◆ **Exercise prompt**: In the data below, locate the line containing "Da lunedì 8" and the line containing "A multi-day hands-on", then retype both and everything between them exactly. Pictures are not part of the copy.

◆ **Dataset records**:
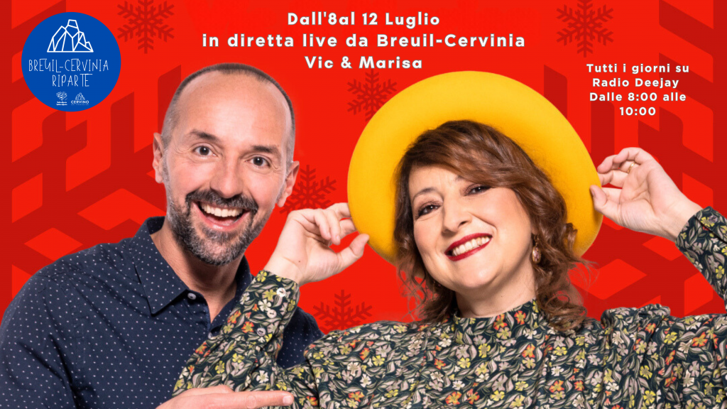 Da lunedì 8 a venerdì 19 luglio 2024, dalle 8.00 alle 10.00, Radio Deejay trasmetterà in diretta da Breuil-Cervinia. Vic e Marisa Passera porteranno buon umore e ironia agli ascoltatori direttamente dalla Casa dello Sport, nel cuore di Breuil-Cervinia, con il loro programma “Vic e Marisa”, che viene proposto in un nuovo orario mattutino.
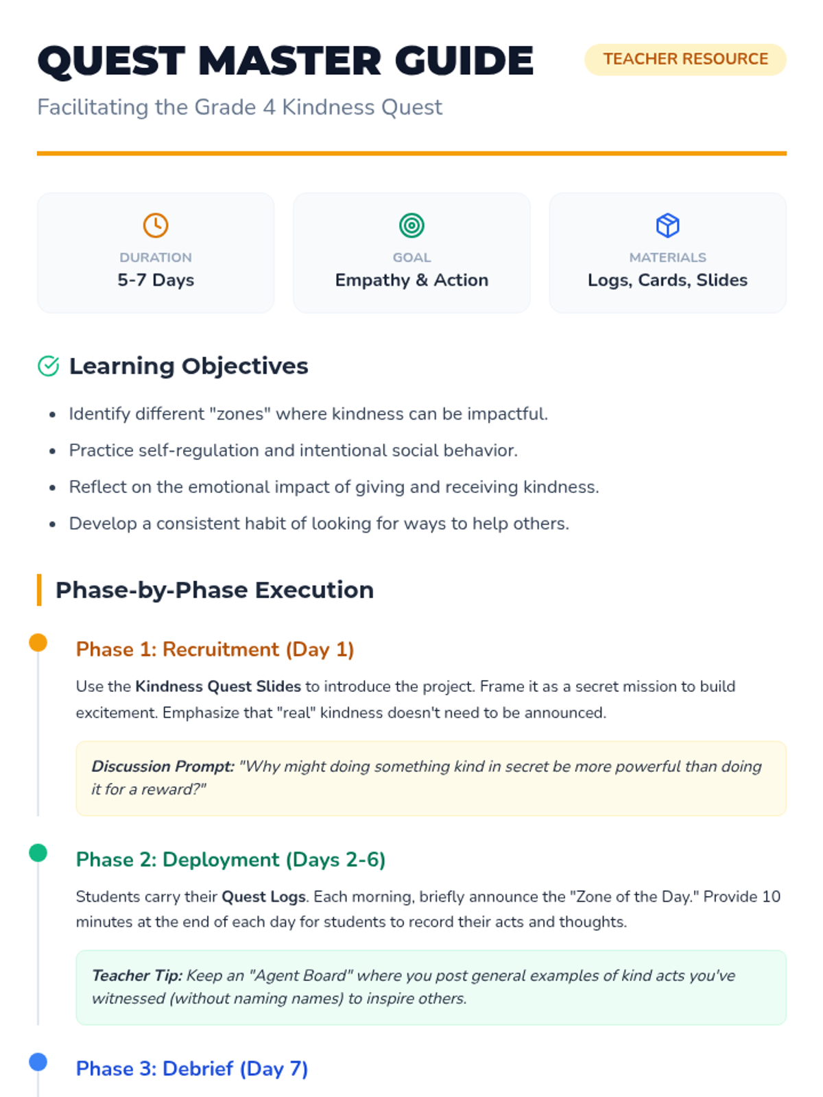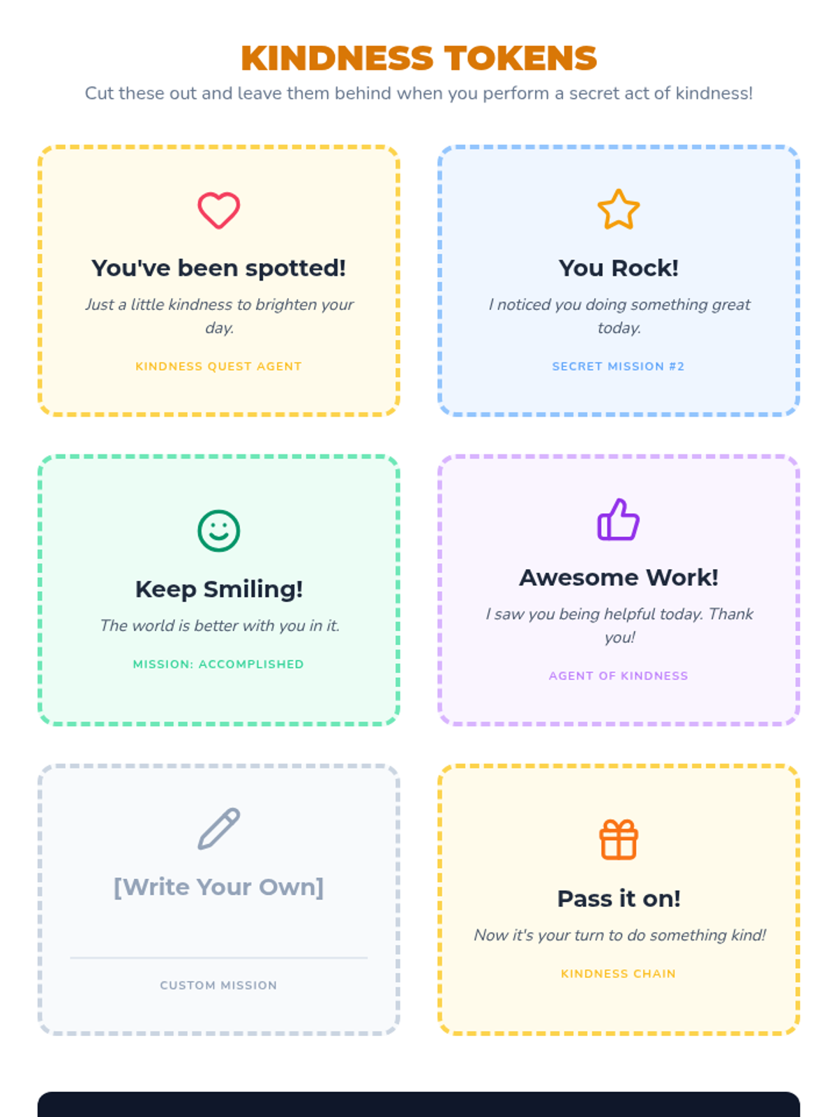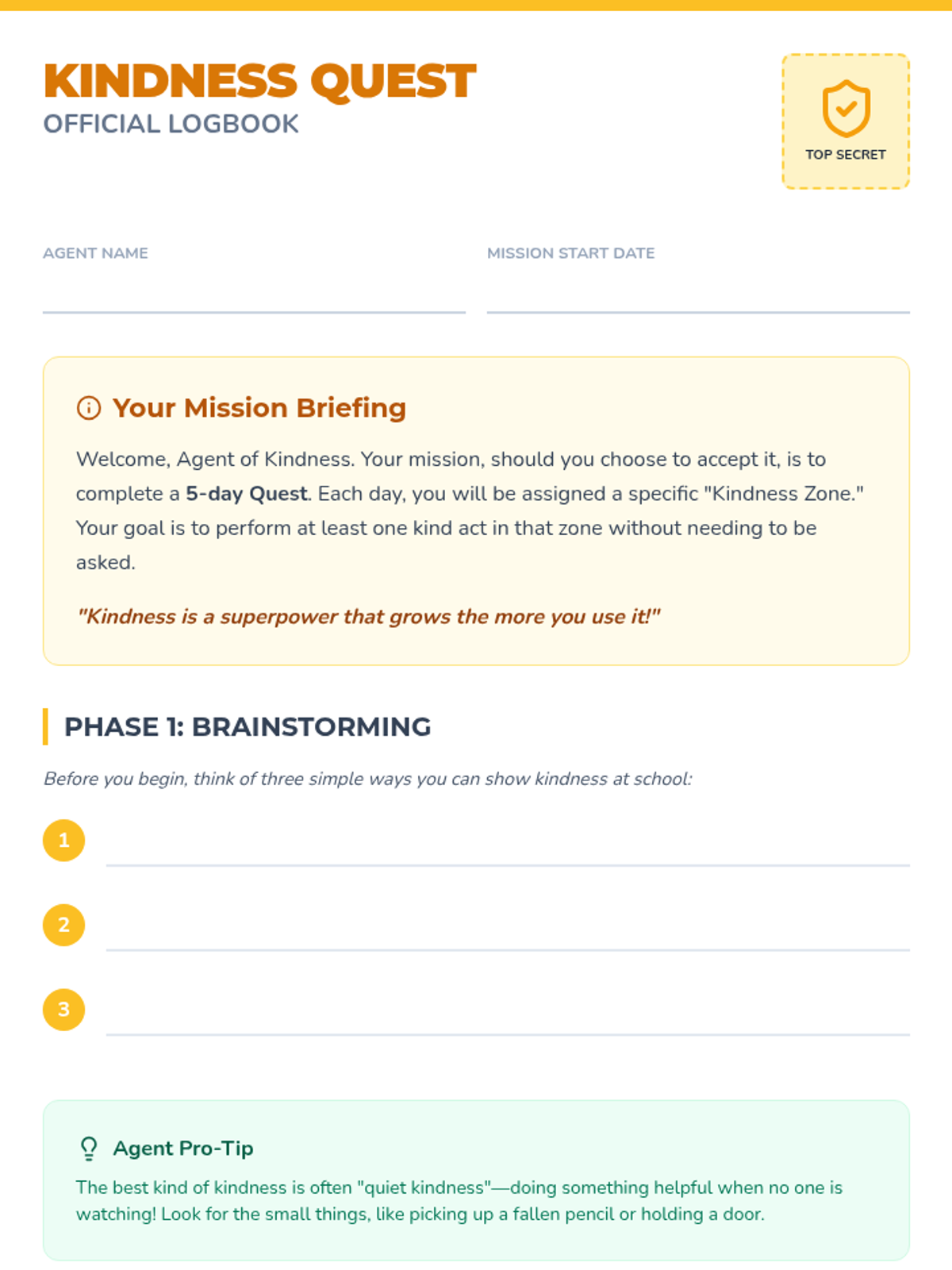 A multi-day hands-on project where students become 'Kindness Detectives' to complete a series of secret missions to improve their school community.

---

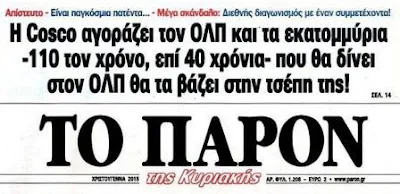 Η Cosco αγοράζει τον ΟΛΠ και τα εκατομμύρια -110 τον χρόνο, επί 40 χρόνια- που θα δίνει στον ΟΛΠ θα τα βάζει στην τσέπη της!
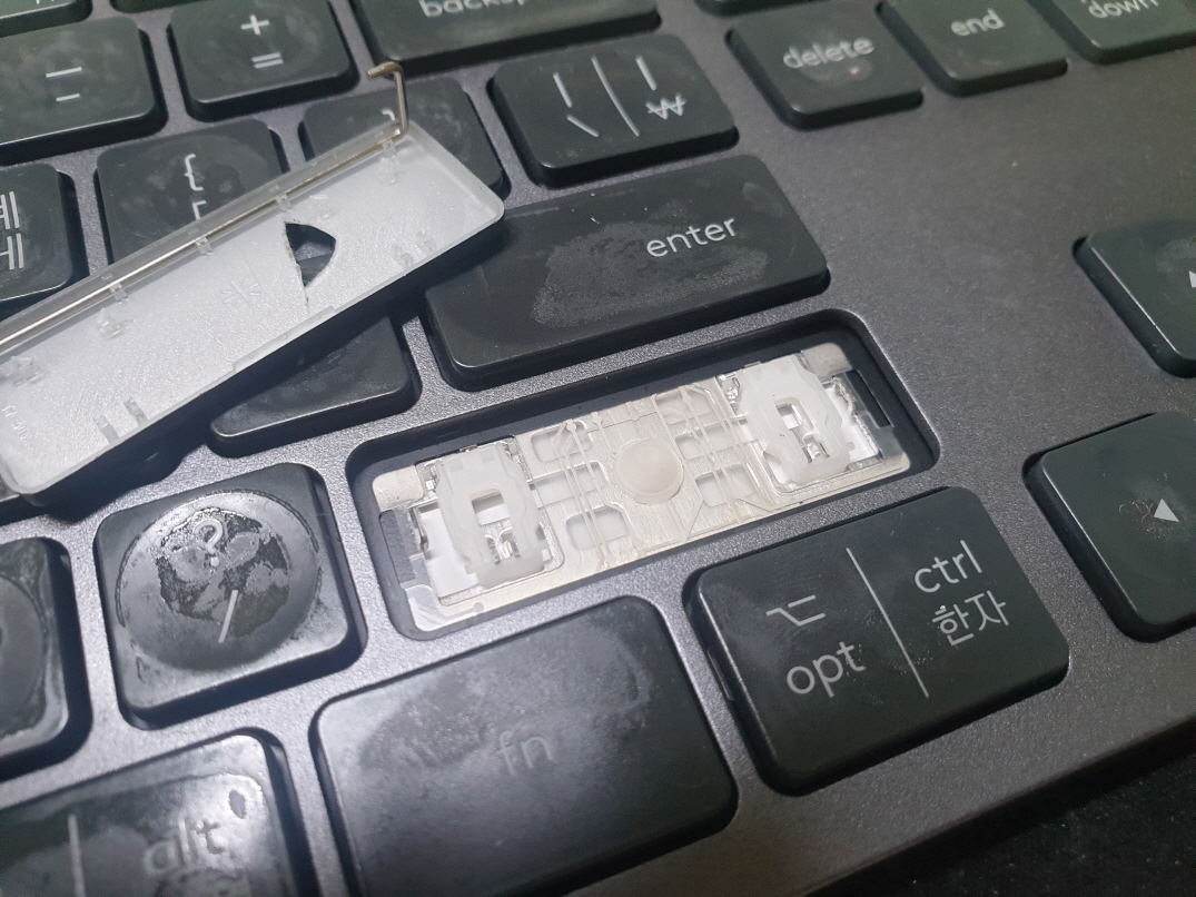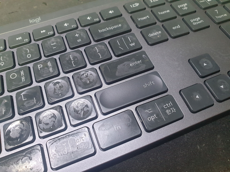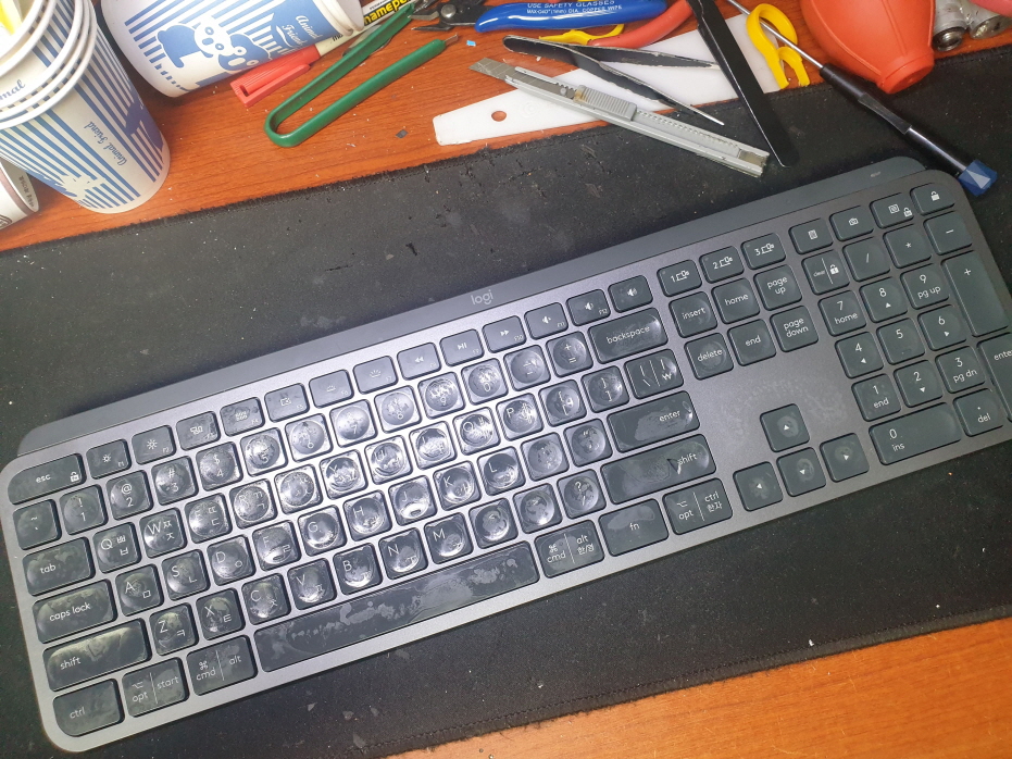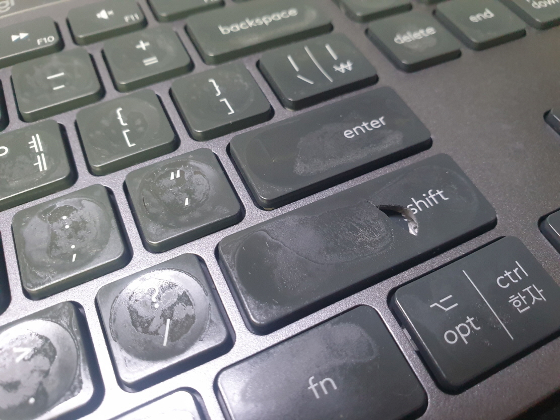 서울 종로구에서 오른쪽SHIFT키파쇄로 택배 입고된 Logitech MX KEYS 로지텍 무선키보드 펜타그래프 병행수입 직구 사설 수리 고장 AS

---

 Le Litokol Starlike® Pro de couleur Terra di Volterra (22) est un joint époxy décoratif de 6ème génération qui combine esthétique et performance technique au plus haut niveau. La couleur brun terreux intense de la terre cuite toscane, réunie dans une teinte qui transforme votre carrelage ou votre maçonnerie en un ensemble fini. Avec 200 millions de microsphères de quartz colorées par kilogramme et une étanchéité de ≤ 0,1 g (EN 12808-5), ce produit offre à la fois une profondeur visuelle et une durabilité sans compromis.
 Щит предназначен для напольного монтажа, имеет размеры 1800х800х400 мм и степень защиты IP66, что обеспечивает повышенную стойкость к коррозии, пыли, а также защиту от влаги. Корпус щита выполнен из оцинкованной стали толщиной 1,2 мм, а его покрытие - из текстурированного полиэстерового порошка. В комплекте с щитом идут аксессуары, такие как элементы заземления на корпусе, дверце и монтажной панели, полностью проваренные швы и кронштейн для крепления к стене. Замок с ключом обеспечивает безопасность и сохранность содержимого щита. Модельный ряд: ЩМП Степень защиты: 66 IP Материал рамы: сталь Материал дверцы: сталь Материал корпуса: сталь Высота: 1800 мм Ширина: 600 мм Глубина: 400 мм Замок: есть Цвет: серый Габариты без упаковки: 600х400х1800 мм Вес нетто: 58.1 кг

◆ **Exercise answer**:
 Da lunedì 8 a venerdì 19 luglio 2024, dalle 8.00 alle 10.00, Radio Deejay trasmetterà in diretta da Breuil-Cervinia. Vic e Marisa Passera porteranno buon umore e ironia agli ascoltatori direttamente dalla Casa dello Sport, nel cuore di Breuil-Cervinia, con il loro programma “Vic e Marisa”, che viene proposto in un nuovo orario mattutino.
 A multi-day hands-on project where students become 'Kindness Detectives' to complete a series of secret missions to improve their school community.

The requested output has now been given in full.